When it comes to keeping kids safe, the Maine Department of Health and Human Services is the equivalent of an unlocked shed full of dynamite and matches located next to a playground. DHHS’s Office of Child and Family Services is a fundamentally flawed institution, incapable of change due to entrenched, incompetent leadership.

As a result, children suffer from physical and mental abuse, and some of them die. Every time that happens, there’s an uproar, an investigation and calls for reform. Then, nothing changes.

Fixing this problem shouldn’t be that complicated. For years, the child welfare services ombudsman, Christine Alberi, has issued annual reports pointing out what needs to be fixed.

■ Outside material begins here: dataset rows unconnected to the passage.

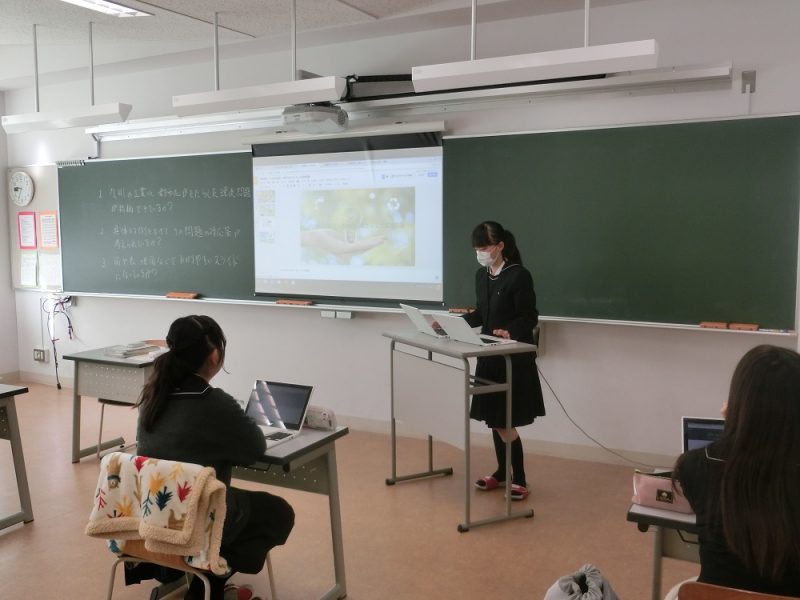 無線LANでプロジェクターにつないだ先生用chromebookで提出されたスライドを生徒たちが発表します。
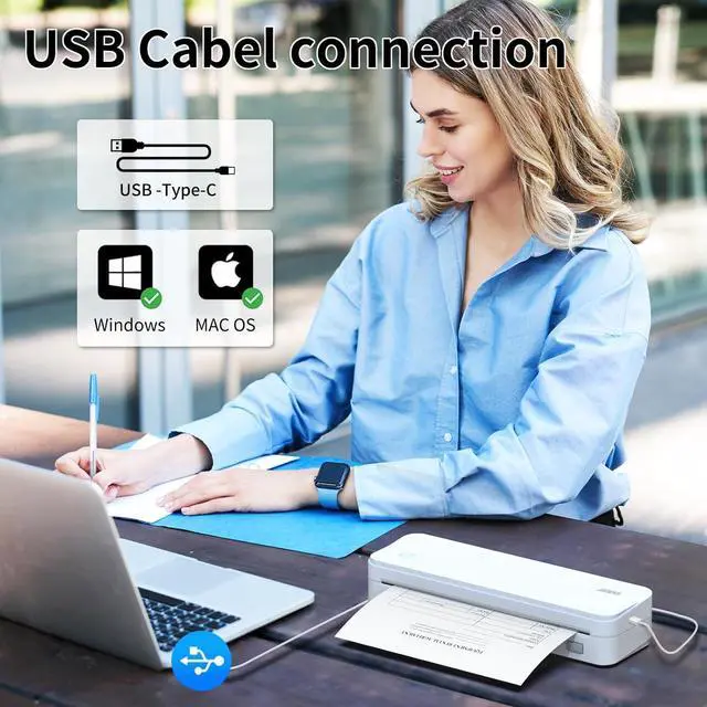 Simple Setup via Bluetooth or USB: Connect the inkless printer effortlessly to iOS, Android, laptops, or computers. Set up in under 5 minutes with the dedicated app or driver, ensuring quick printing from your smartphone or PC.
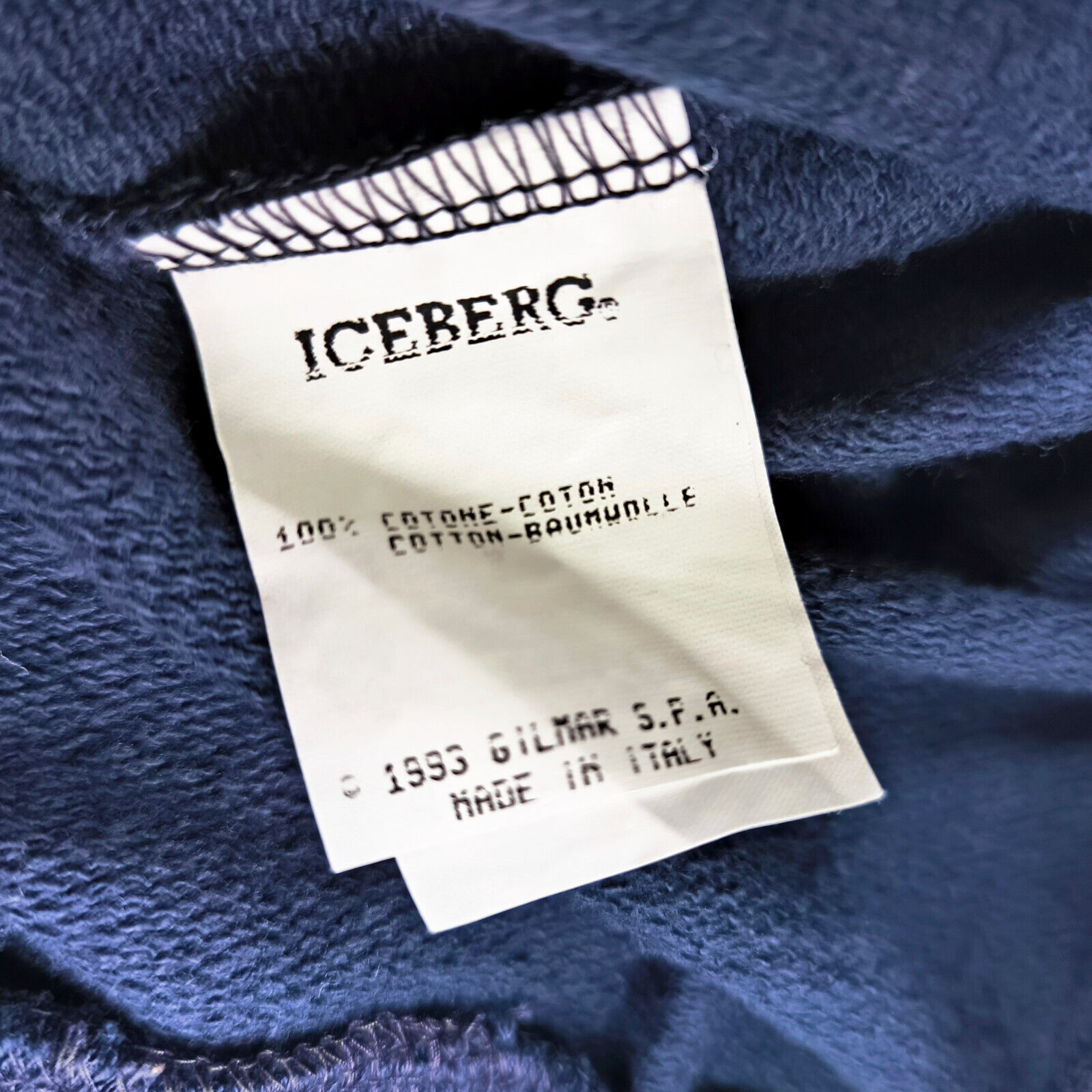 ________________________________________Marke: Iceberg Größe: M / LFarbe: dunkelblau / gelb Zustand: getragen________________________________________Beschreibung:Der Pullover wurde getragen und befindet sich in einem super schönen Zustand.Es sind nur wenige und dann kleine Trage- und Gebrauchsspuren zu erkennen.Am linken Ärmel zusätzlich mit kleinem Iceberg Logo.Made in Italy.Im Pullover ist die Größe L angegeben. Im Vergleich mit anderen Iceberg Pullovern von uns, fällt er etwas kleiner und hat eine ganz leichte Tendenz zur Größe M.Bitte die Maße prüfen für eine perfekte Passform.________________________________________Die ca. Maße sind wie folgt:Brustbreite von Achsel zu Achsel: 61cmÄrmellänge ab Höhe Schulter: 67cmRückenlänge inkl. Kragen: 68cm________________________________________Material lt. Innenlabel:Oberstoff: 85% Baumwolle / 15% ViscosePflegeanleitung:Maschinenwäsche 30 Grad
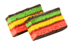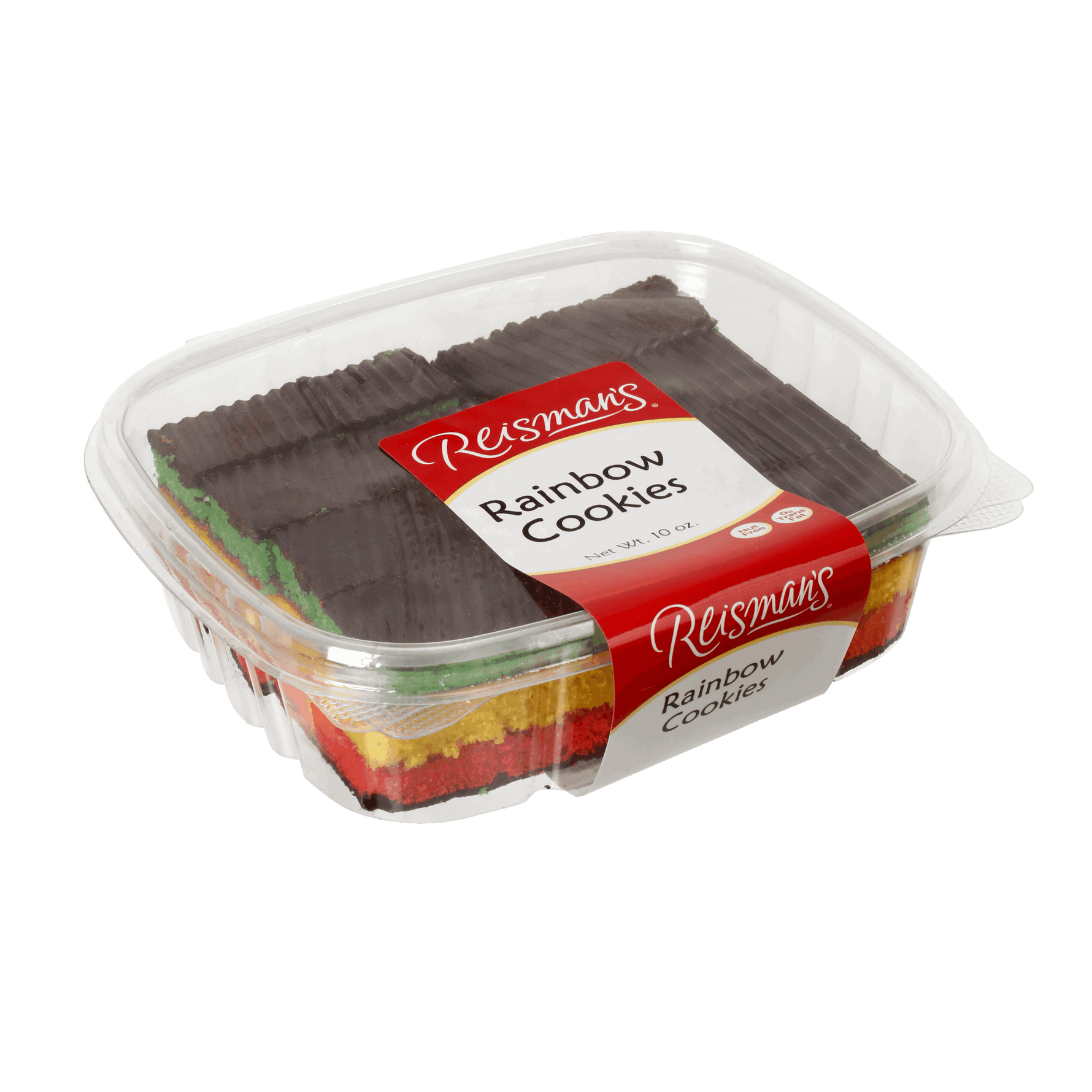 A spectrum of flavors. The promise of smiles. Reisman's Rainbow Cookies delight with colorful stripes of green, yellow and pink, with a smooth chocolate layer on top and bottom. Discover something better than a pot of gold - in taste, that is!
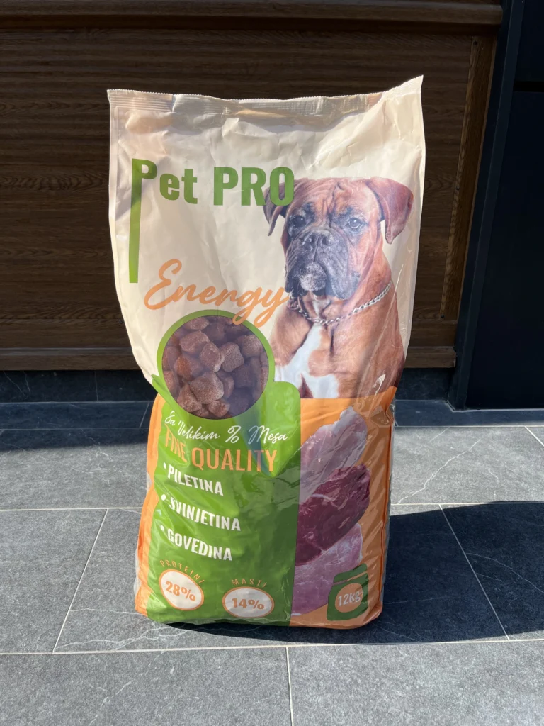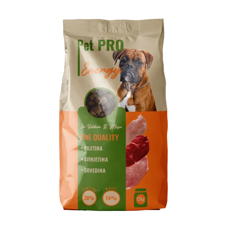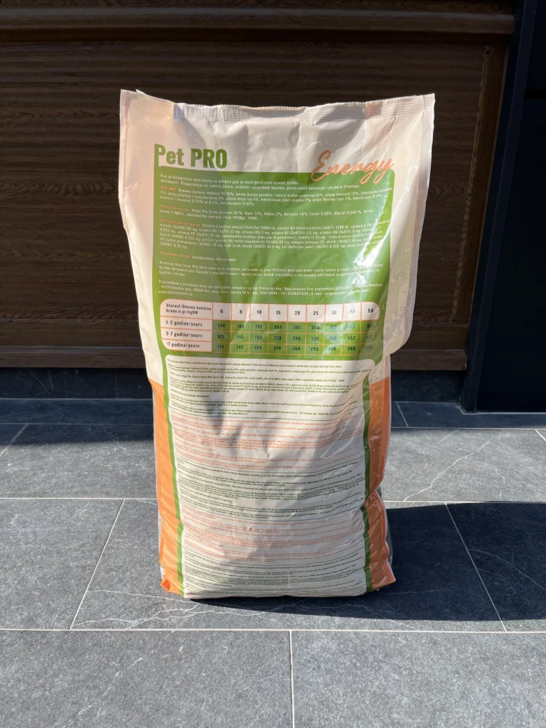 Pet Pro Energy 12 kg je kompletna suva hrana formulisana posebno za odrasle pse sa povećanim energetskim potrebama. Zahvaljujući 28% proteina i 14% masti, pruža snažnu podršku mišićima, izdržljivosti i regeneraciji – idealan je izbor za radne pse, sportske pse, skotne kuje i pse u oporavku.
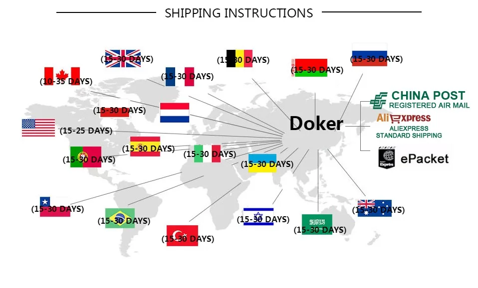 Packages from our warehouse in China will be shipped by ePacket or EMS depending on the weight and size of the product. Packages shipped from our US warehouse are shipped through USPS.
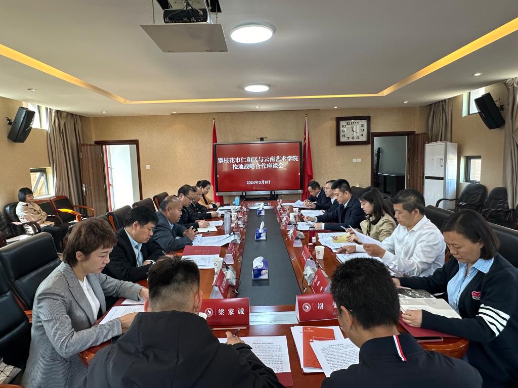 3月8日,四川省攀枝花市仁和区委书记班宏率区委宣传部、组织部、教体局、人社局、文广旅局和平地镇有关负责同志到买球投注官方网站调研交流,商谈校地战略合作事宜。学校党委副书记杨国良、副院长郎启训及相关部门负责人参加了活动。
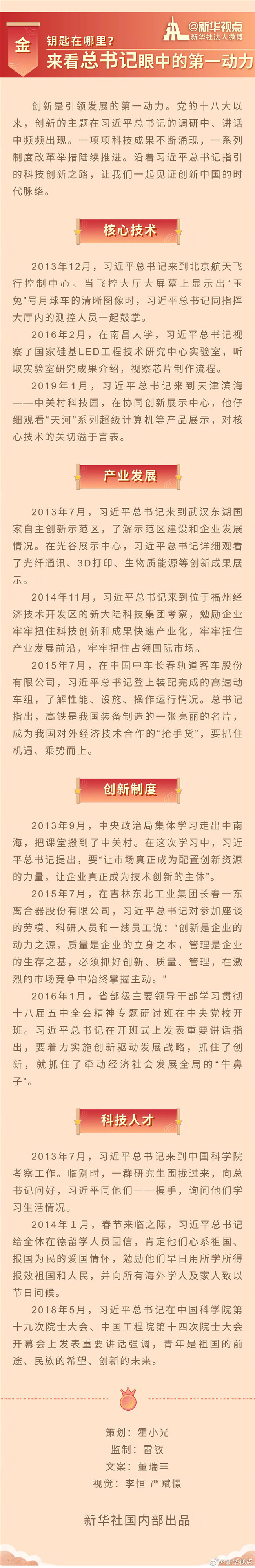 “緊緊扭住技術(shù)創(chuàng)新這個戰(zhàn)略基點”、“掌握更多關(guān)鍵核心技術(shù)”……從國內(nèi)考察到出席中央會議,從主持中央政治局集體學(xué)習(xí)到作出重要指示,習(xí)近平總書記反復(fù)強調(diào)的,正是中國創(chuàng)新發(fā)展的路徑方向。
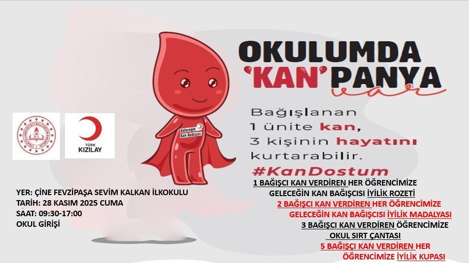 Aydın’ın Çine ilçesinde Fevzi Paşa Sevim Kalkan İlkokulu tarafından Türk Kızılay’ına kan bağışı etkinliği düzenlendi. Okul Müdürü Memduh Ceylan öncülüğünde gerçekleştirilen etkinlikte öğrenciler, veliler ve öğretmenler ... haberin devamı için tıklayın
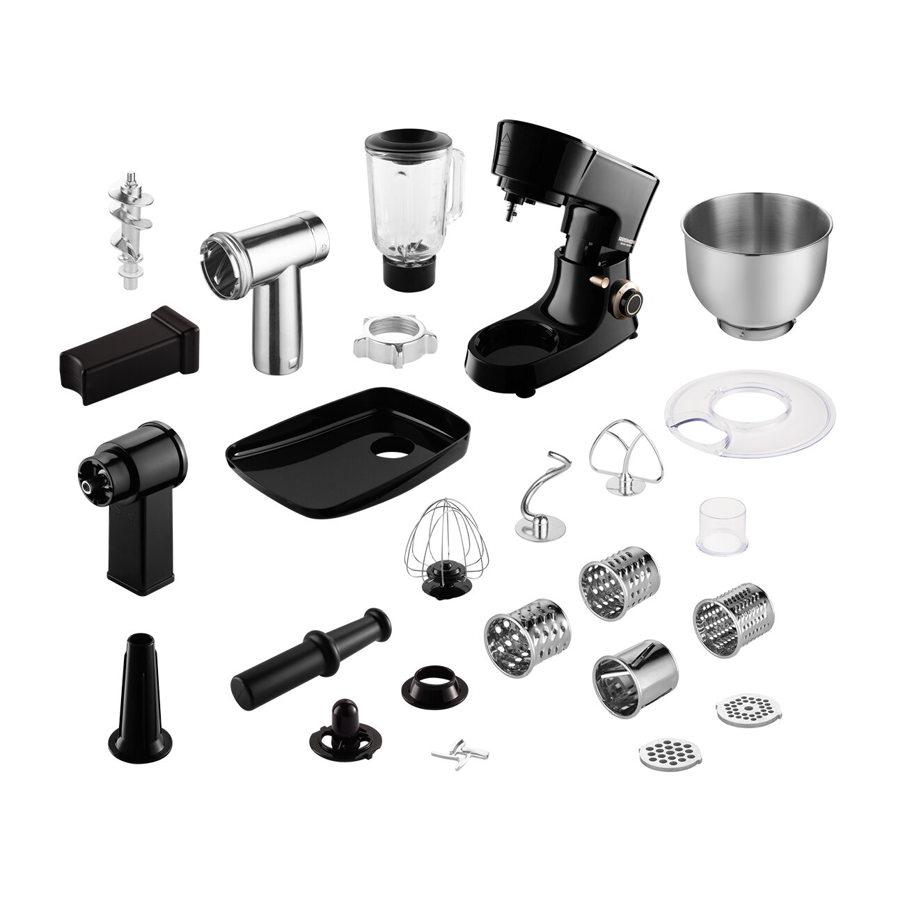 Покупали эту машину на юбилей коллеге. Юбиляр счастлив. В комплекте кроме планетарного миксера, мясорубка, блендер, и даже овощерезка. По словам коллеги, мясорубка достаточно мощная, крутит бодро, не засоряется, ничего в ней не застревает, нож острый, с самозаточкой. Блендер со съемными ножами, очень просто отмывается. Весьма вместительная, отлично отполирована. Все это вместе выглядит очень достойно.
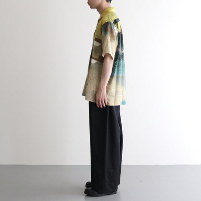 Short-sleeved open-collar shirt in a relaxed, laid-back silhouette. The distinctive long-pointed collar follows the feel of old clothes, while the deep slit under the armpit line, which can be opened and closed with a button, adds a modern element. It has a large chest pocket, slightly longer sleeve length to the elbow, and an overall relaxed silhouette.
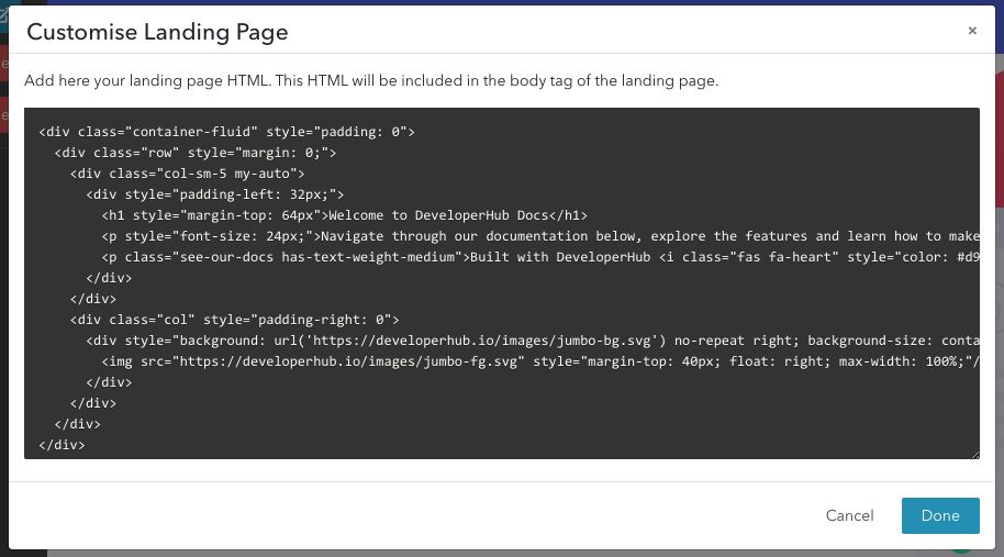 When customising the landing page, you may enter HTML that will be inserted asynchronously in your landing page.
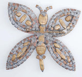 Czech Glass Bijoux MG Rhinestone Dragonfly Pin Brooch. Set in non-plated brass. Signed Bijoux MG. Measures 3 1/2" by 3 1/2" Excellent condition.
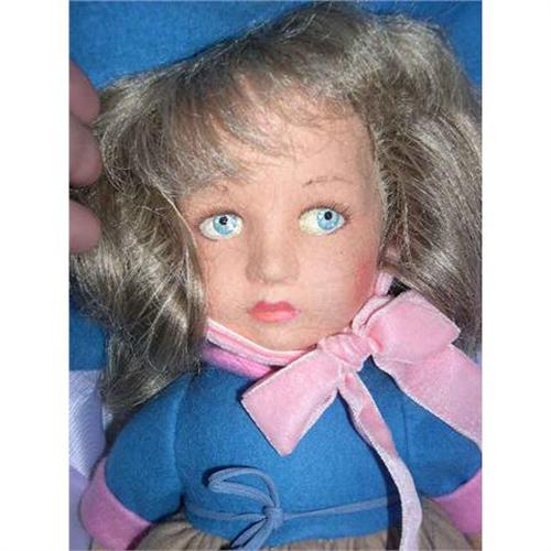 Here's a great Lenci made in Italy. She is 21" and in all original. I must have had a catalog at one time and had her name written down as Livinia. She's never been out of her case. The case is blue with the front that has a gold clasp and it splits to open. The inside has a white lining and the doll is secured in the box. I'm not sure of the date when the dolls in the blue cases with the white lining were produced. The Blue Book says production for modern Lenci was 1979 on. The doll has a head that turns and legs that swivel. The arms are floppy jointed. She is all original. I had to hold up the edge of her hat so you could see her face. She has her paper label from Lenci with her number on it. Her outfit is great as you can see in the pictures. She is from a smoke free environment. If you can love her, please bid. Buyer to pay $25 for U.S. shipping, insurance and handling. Thanks for viewing.
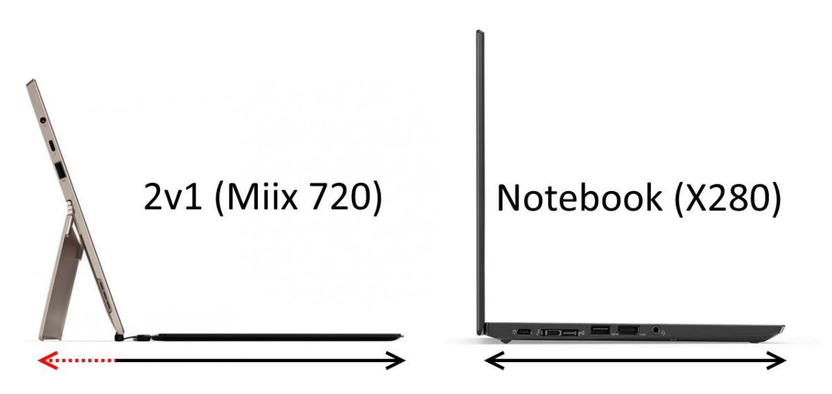 Nejvíc mám nacestováno s ThinkPadem X31, který byl skladnější než dnešní X verze s nesmyslným 16:9 displejem a vydržel naprosto všechno. Koncept 2v1 s odpojitelnou klávesnicí mi právě kvůli větším rozměrům potřebným pro stojánek a celkové „nepevnosti“ nepřijde pro tento účel praktický, je lepší když je klávesnice pevně spojena. Tady by byl rozhodně zajímavý Lenovo Yoga Book C930, ale ne za tu nesmyslnou cenu v ČR.

In 2018, after two young girls, Marissa Kennedy and Kendall Chick, died because DHHS failed to recognize the jeopardy they were in, the Legislature passed laws designed to improve the system. In her report that year, Alberi said the department’s caseworkers needed to be better trained to decide whether a child’s home was safe and if it wasn’t, what had to be done to make it safe.

“Caseworkers and supervisors must have increased and consistent training in investigative techniques to improve the assessment of child safety and ongoing assessment of the progress of parents working towards the reunification with their children,” Alberi wrote.

A year later, there seemed to be cause for optimism. “Child Welfare Services is on a path to reform and progress,” says her 2019 report, “but there is still a great deal of work to do.”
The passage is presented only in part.